EBITDA and Adjusted EBITDA have certain limitations. EBITDA and Adjusted EBITDA should not be considered as alternatives to net income, or as any other measures of financial performance derived in accordance with GAAP. These measures also should not be construed as an inference that our future results will be unaffected by unusual or nonrecurring items for which these non-GAAP measures make adjustments. Additionally, EBITDA and Adjusted EBITDA are not intended to be liquidity measures. Other companies, including other companies in our industry, may not use such measures or may calculate one or more of the measures differently than we do, limiting their usefulness as a comparative measure.
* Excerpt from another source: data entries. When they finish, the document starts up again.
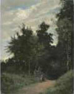 A Summer Landscape With Figures By The Wayside
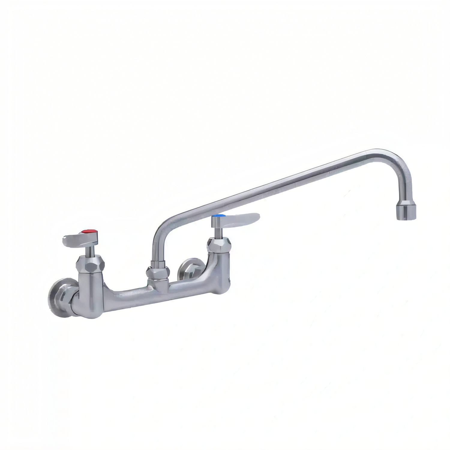 UltraRinse 8” wall mount mixing faucet , 12” swing nozzle with stream regulator outlet, ceramic cartridges with check valves, lever handles, and 1/2” NPT female inlets, stainless steel construction, Certified to ASME A112.18.1/CSA B125.1, NSF 61-Section 9 and NSF 372. Meets ADA ANSI/ICC A117.1 requirements.
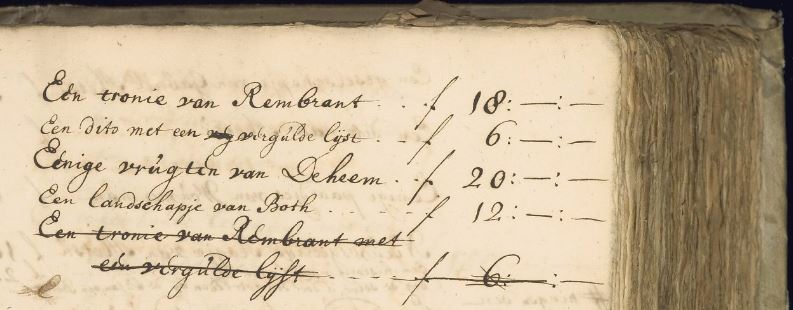 De Rembrandts werden overigens op 18, 6 en 15 gulden geschat. Dat was minder dan zijn bed en hoofdkussen...
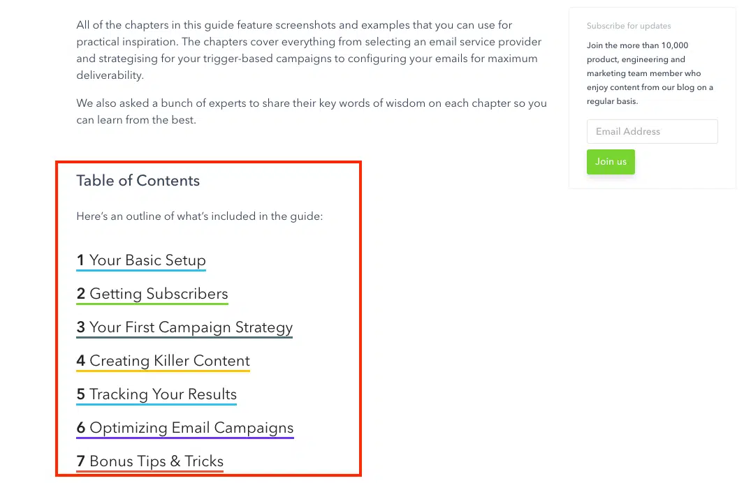 Si vous écrivez un article sur un aspect avancé d’un sujet, l’article doit commencé par une partie de type « guide pour débutants » qui rappelle le contexte et les bases. Cela permettra aux lecteurs initiés de plonger dans la lecteur de votre article plus facilement. Nous vous conseillons aussi d’intégrer au début de l’article (sous l’introduction) une table des matières interactive, générée automatiquement si possible (par exemple via des fonctionnalités natives des CMS modernes ou des plugins spécialisés comme Easy Table of Contents ou les modules intégrés à WordPress, Webflow ou Notion), afin de faciliter la navigation et d’améliorer l’expérience utilisateur, notamment sur mobile. Voici un exemple (guide sur l’email marketing de GetVero) :
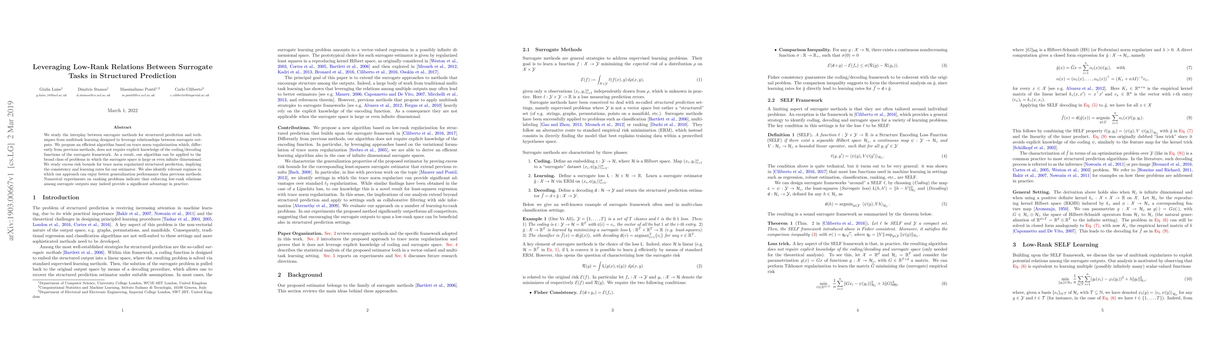 This paper proposes an efficient algorithm for structured prediction leveraging low-rank relations between surrogate tasks, using trace norm regularization without requiring explicit knowledge of surrogate functions. The method shows better generalization performance and consistency in various settings, as demonstrated by numerical experiments on ranking problems.
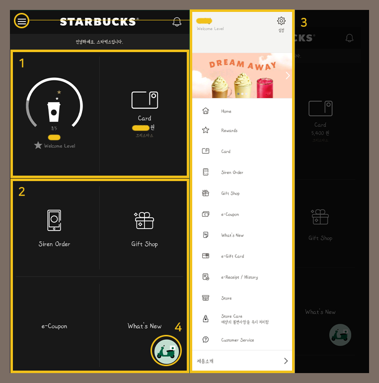 네가지의 스타벅스 주요 서비스가 나와있는 영역입니다.
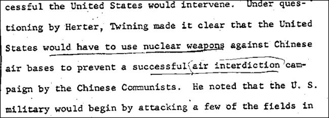 此外,美军当时甚至还考虑过,在局势进一步升级的情况下对中国大陆发动更深入、更大规模的核打击。
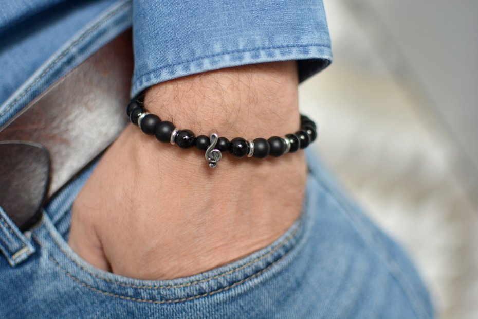 Tagi: #bransoletka z kamieni, #klucz wiolinowy, #męska bransoletka, #onyks
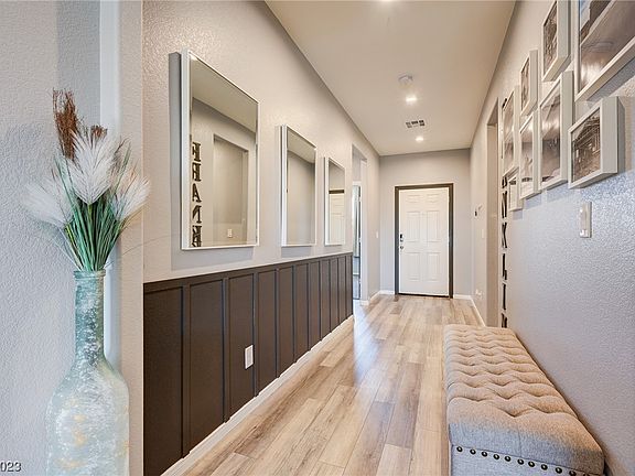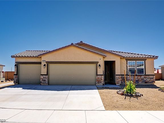 Take a look at this stunning single story home in the Pahrump, 89061 area! Beautiful desert landscaping in the frontyard for a clean look, and easy maintenance. As you walk in, you are greeted with a beautiful, long entryway. Open floor plan, neautral walls, and custom light fixtures. This home has been well kept, and taken care of by proud owners. 4 bedrooms, 2 full bathrooms, and a huge walk in closet in the primary bedroom. The 3 car garage comes with finished walls and epoxy flooring. As you walk out to the backyard, there is an abundance of space for hanging out, or entertaining. Real grass surrounds the backyard, along with a corner designated with pavers to truly make it your own space. Come schedule a showing today to see what else this beautiful home has to offer!
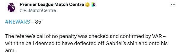 英超官方解释:“裁判不是点球的决定经过了VAR的审核和确认,球被判定从加布里埃尔的小腿上弹到了他的手臂上。”
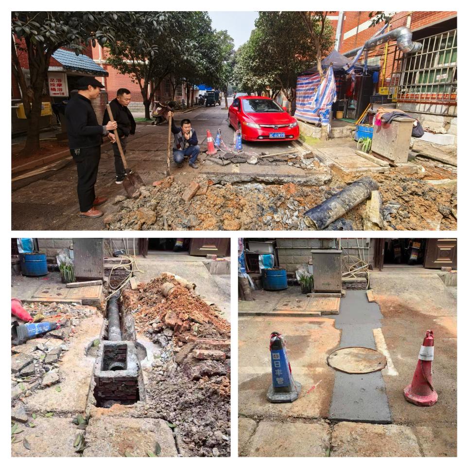 针对居民关心的施工影响、工期进度等问题,社区充分听取意见,制定了“分段施工、错峰作业、快速清运”的详细实施方案。既要彻底疏通管道,又要最大限度减少对居民出行和生活的影响,这一方案得到了在场居民的一致认可。方案敲定后,社区立即组织专业施工队伍进场,伴随着高压清洗车和吸污车的轰鸣声,施工人员对堵塞管道进行了强力冲刷和全面清淤,并对塌陷管道进行了紧急更换。随后,社区还督促施工方对开挖路面进行了回填和冲洗,确保环境整洁如新。
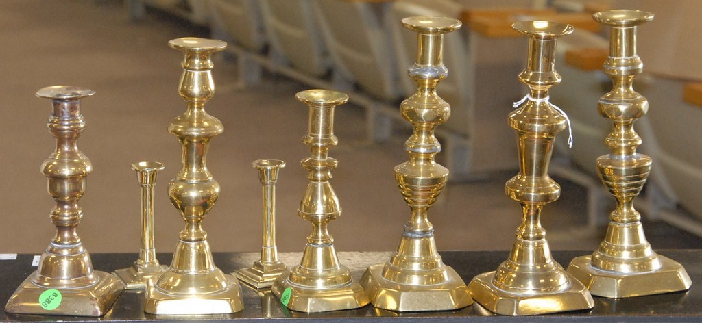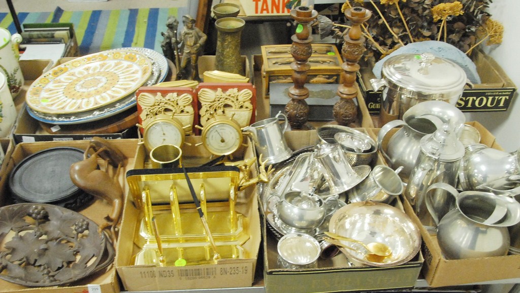 Eight box lots barometer desk set, pewter, silver plate, wooden candle sticks, wooden dish, two figures, brass items, etc.
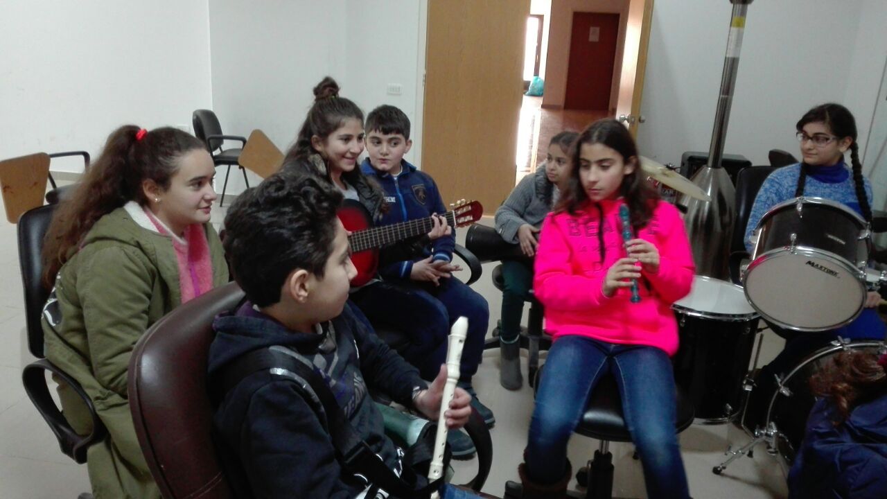 افتتحنا صفا موسيقيا ممولا من جمعية أغصان ومع مشاركة ومتابعة دائمة من رئيس الجمعية الدكتور كامل والسيدة منى مرقص وفي ختام كل فصل يقام احتفال تشجيعي لطلاب الموسيقى مع المدرب الاستاذ أنيس راشد.
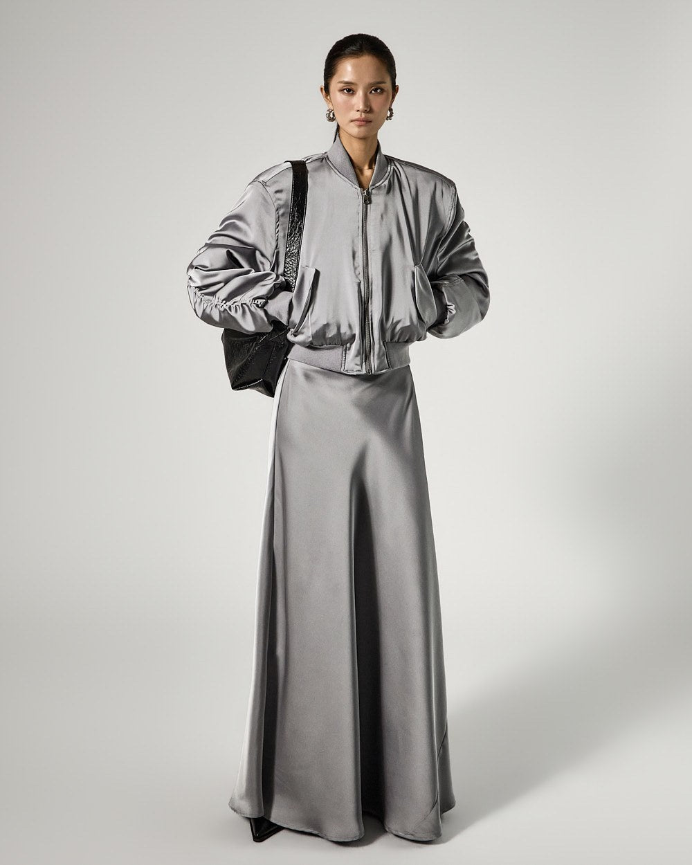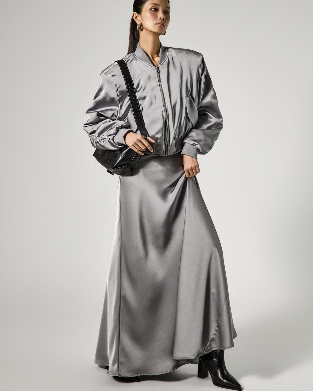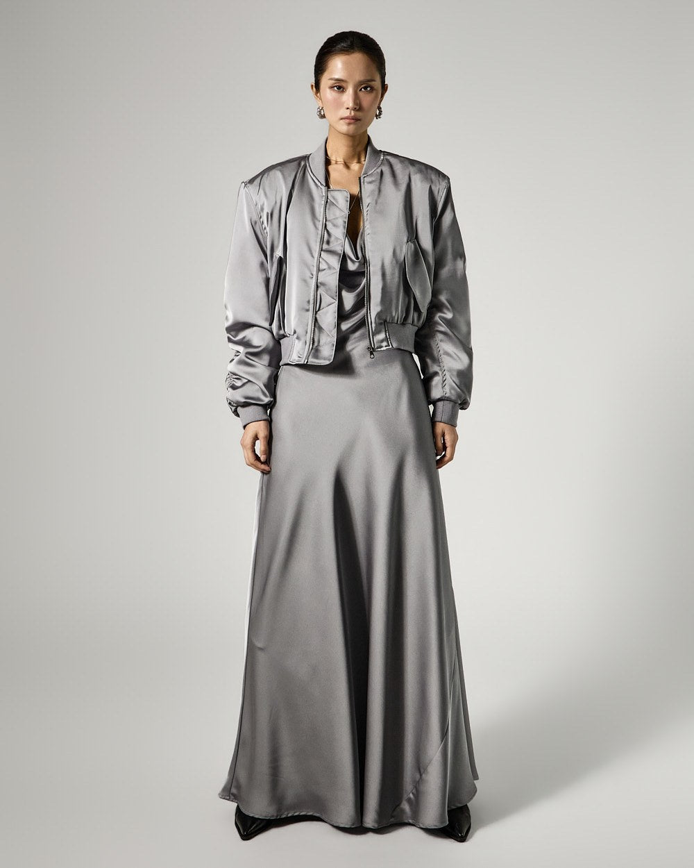 Crafted from lustrous satin material,
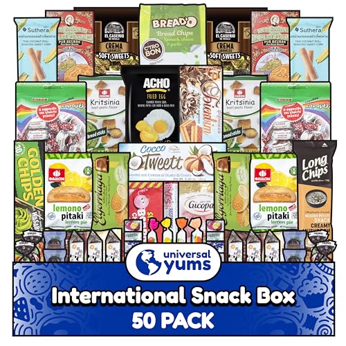 Universal Yums International Snack Box | Variety Pack Of Chips, Candy, Chocolates, And Snacks From Around The World | Foreign Snacks For Office, Family, Gifts, And Parties | (50 Exotic Snacks)
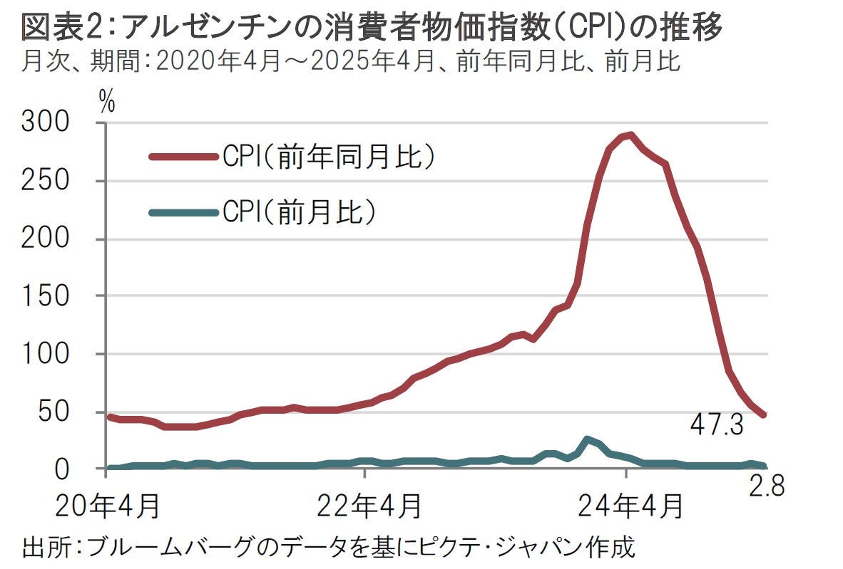 改革の成果が実感できるのはインフレ動向だろう。アルゼンチンの4月の全国消費者物価指数(CPI)は前年同月比で47.3%上昇と、24年4月の前年同月比289%をピークに、12ヵ月連続で鈍化した(図表2参照)。フィッチの予想では25年末には28%程度にまで鈍化することが見込まれている。
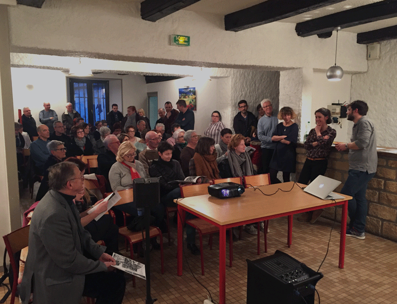 En février dernier, nous retournons visiter notre escouade briotine qui nous attend de pied ferme à la salle polyvalente de Mance, impatiente de voir le film et de trinquer entre amis ! Cette fois nous sommes sur place pour confectionner un objet papier : le deuxième numéro de notre collection de Fanzine, fraichement baptisé « Journal Bitume – des regards dans l’action ». Ce cahier donne la parole à des actions concrètes et situées.
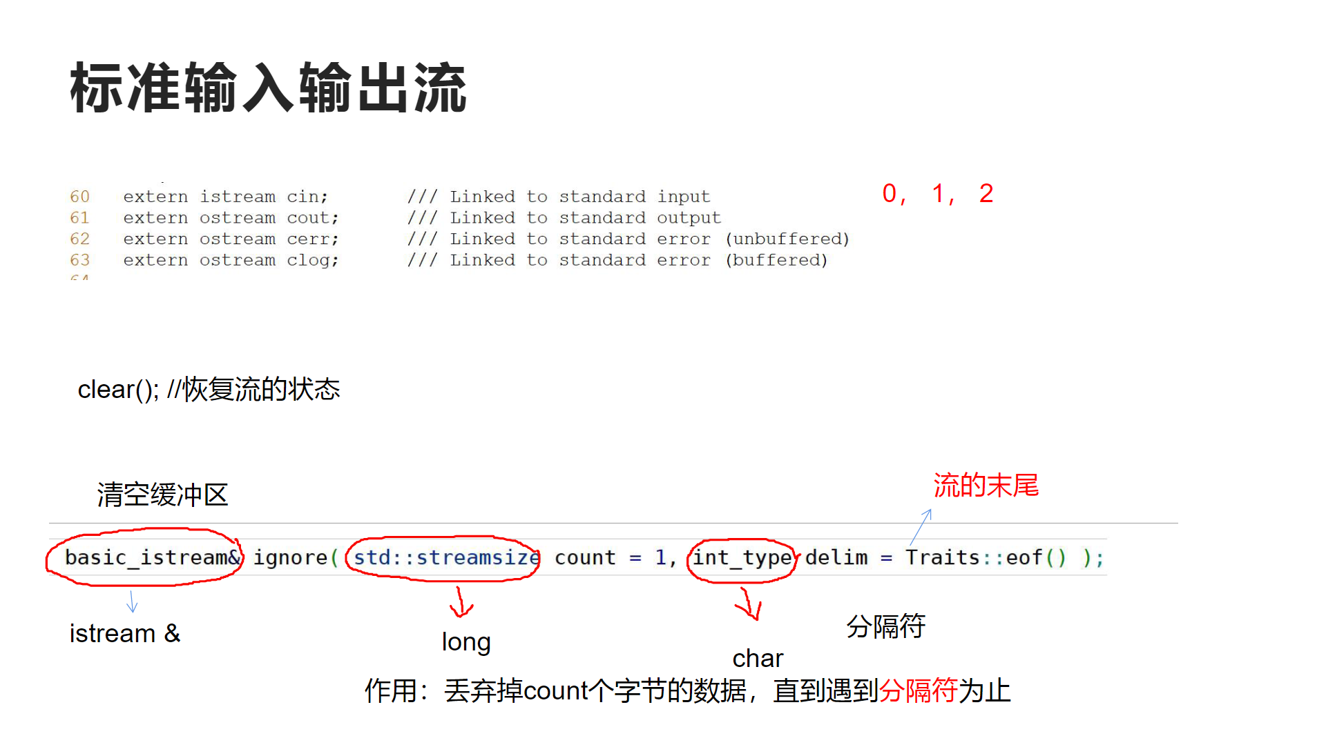 返回值时一个istream的引用,第一个参数是要舍弃的字节数,第二个是分隔符,默认值是流的末尾
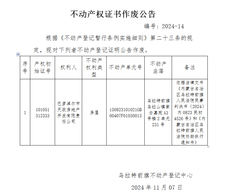 巴彦淖尔市天政房地产开发有限责任公司产不动产权证书作废公告
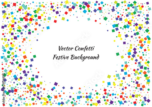 Festive color square confetti background. Abstract frame confetti texture for holiday, postcard, poster, website, carnival, birthday, children's parties. Cover confetti mock-up. Wedding card layout
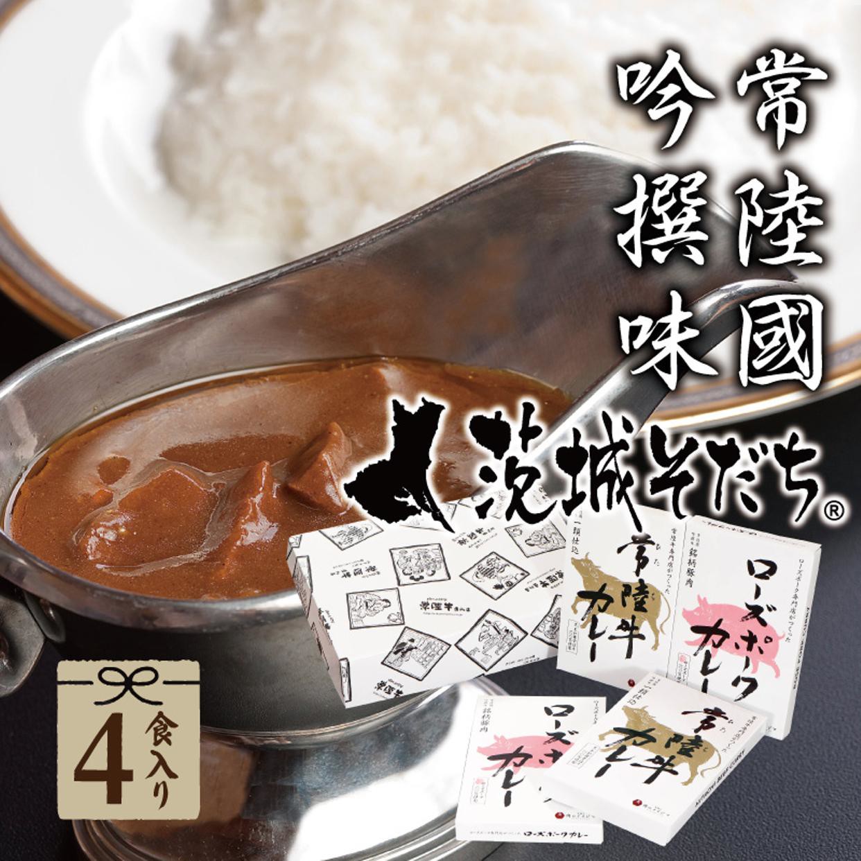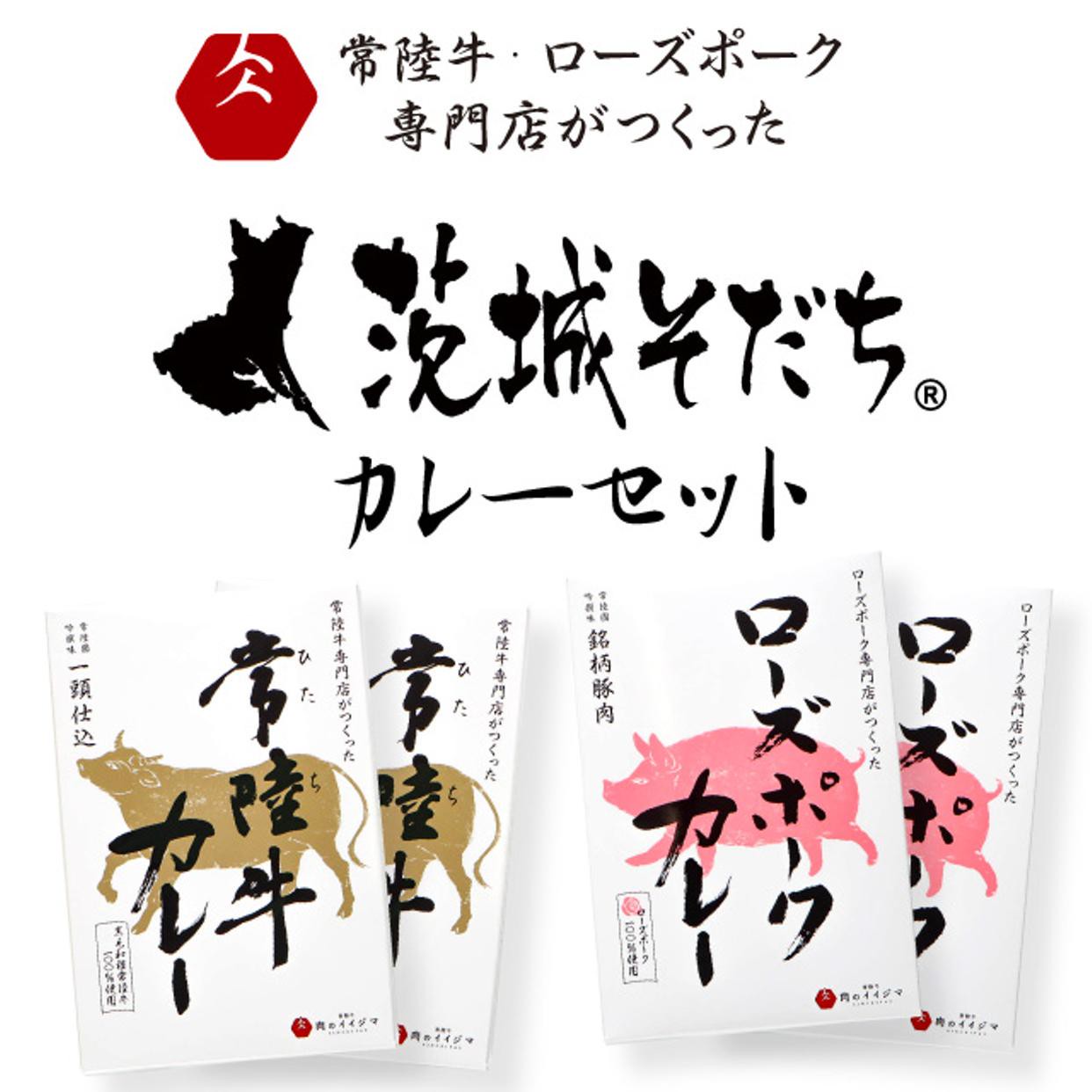 茨城県産銘柄牛「常陸牛」と茨城県産銘柄豚「ローズポーク」のカレーセット。

The following is a reconciliation of our EBITDA and Adjusted EBITDA to the nearest GAAP measure, net loss:

  Successor

Three Months Ended

 

Year Ended

December 31, 2016

December 31, 2016

(in thousands)
Net loss $ (8,804 ) $ (28,370 )
Interest expense, net(a) 15,303 52,487
Income tax benefit (9,375 ) (14,733 )
Depreciation and amortization 17,773   51,378  
EBITDA $ 14,897 $ 60,762
 
Unrealized non-cash losses on derivative financial instruments(b) 7,271 7,123
Non-cash, purchase accounting effects(c) 96 6,469
Loss on disposal of property and equipment 1,548 1,791
Management fees(d) 903   3,622  
Adjusted EBITDA $ 24,715   $ 79,767  
 
(a)   Represents interest expense and interest income. In addition, included in interest expense, the Company incurred a loss of $7.0 million related to the refinancing of the 2015 Credit Facilities.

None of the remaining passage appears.